| Data extracts |
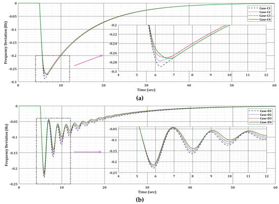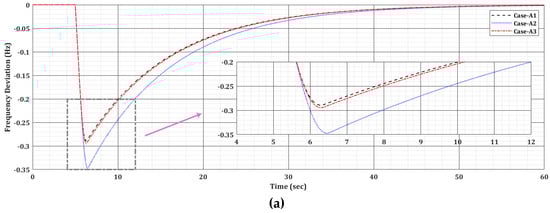 Figure 5a shows the frequency response for individual machines when a load disturbance () is applied to the system at . The response of Machine-2 (Case-A2) is slower due to higher values of governor and turbines time constants as compared to other machines. Response of Machine-1 is the fastest as its governor and turbine have lower time constants.
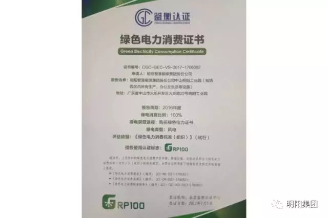 作为行业领军企业,明阳智慧能源集团承诺以中山总部明阳工业园为购买范围,并基于范围内实际产生的电力消费量,在首批自愿认购绿证交易中申请购买总计超过1200万千瓦时绿证,以实现2016年明阳工业园100%绿色电力消费。明阳智慧能源集团获得了水电水力规划设计总院颁发的“首批绿证自愿认购荣誉证书”和鉴衡认证中心颁发的“绿色电力消费证书”,成为首批绿证自愿认购单位,同时也是全国首批申请购买绿证数量最大的单位。
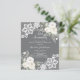For an elegant and romantic 25th wedding anniversary. A gray background decorated with white florals, roses and white lace. Personalize and add your names and details.
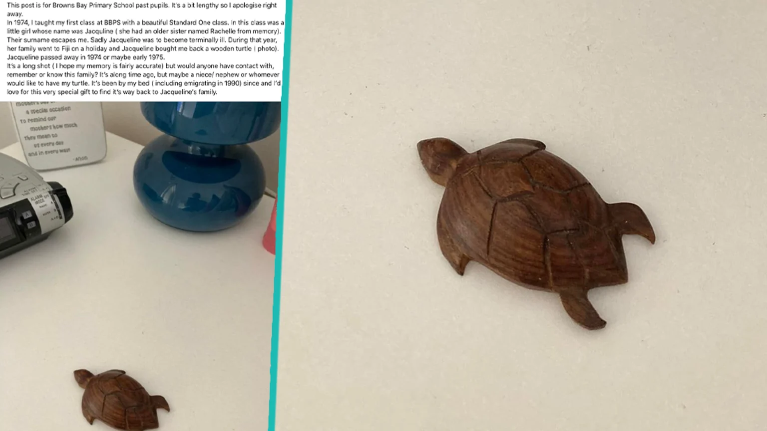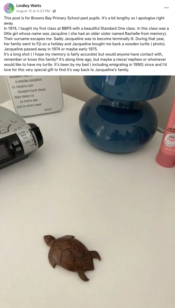The Facebook post had a photo of a wooden turtle that her late student, Jacqueline had gifted her back in 1974.
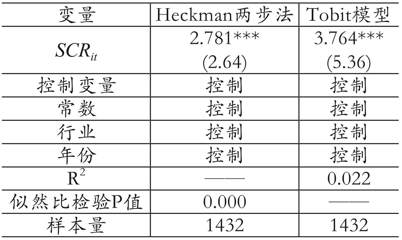 由于并非所有企业均具有披露其对外投资数据的意愿或能力,因此可能导致样本选择的非随机性,从而使得潜在的样本存在自选择偏差的问题。本文将基准模型的控制变量与行业、年份虚变量作为协变量,将企业年龄(对数值)、高管是否具有海外背景作为虚拟变量,人均GDP(对数值)作为选择变量,进行Heckman两步法估计。结果见表5第1列,供应链韧性的回归系数依然显著为正,表明在修正样本自选择偏差后,供应链韧性对企业对外直接投资仍具有显著的正向影响。此外,本文将对外直接投资缺失的样本赋值为0,并采用 Tobit模型重新进行回归分析,结果见表5第2列。供应链韧性指标的系数依然显著为正,与基准模型的结果一致。

| Exercise brief |
Take the line that contains "The Facebook post" and every line after it to the end of the records above; quote them exactly, leaving out the pictures.

| Answer box |
The Facebook post had a photo of a wooden turtle that her late student, Jacqueline had gifted her back in 1974.
 由于并非所有企业均具有披露其对外投资数据的意愿或能力,因此可能导致样本选择的非随机性,从而使得潜在的样本存在自选择偏差的问题。本文将基准模型的控制变量与行业、年份虚变量作为协变量,将企业年龄(对数值)、高管是否具有海外背景作为虚拟变量,人均GDP(对数值)作为选择变量,进行Heckman两步法估计。结果见表5第1列,供应链韧性的回归系数依然显著为正,表明在修正样本自选择偏差后,供应链韧性对企业对外直接投资仍具有显著的正向影响。此外,本文将对外直接投资缺失的样本赋值为0,并采用 Tobit模型重新进行回归分析,结果见表5第2列。供应链韧性指标的系数依然显著为正,与基准模型的结果一致。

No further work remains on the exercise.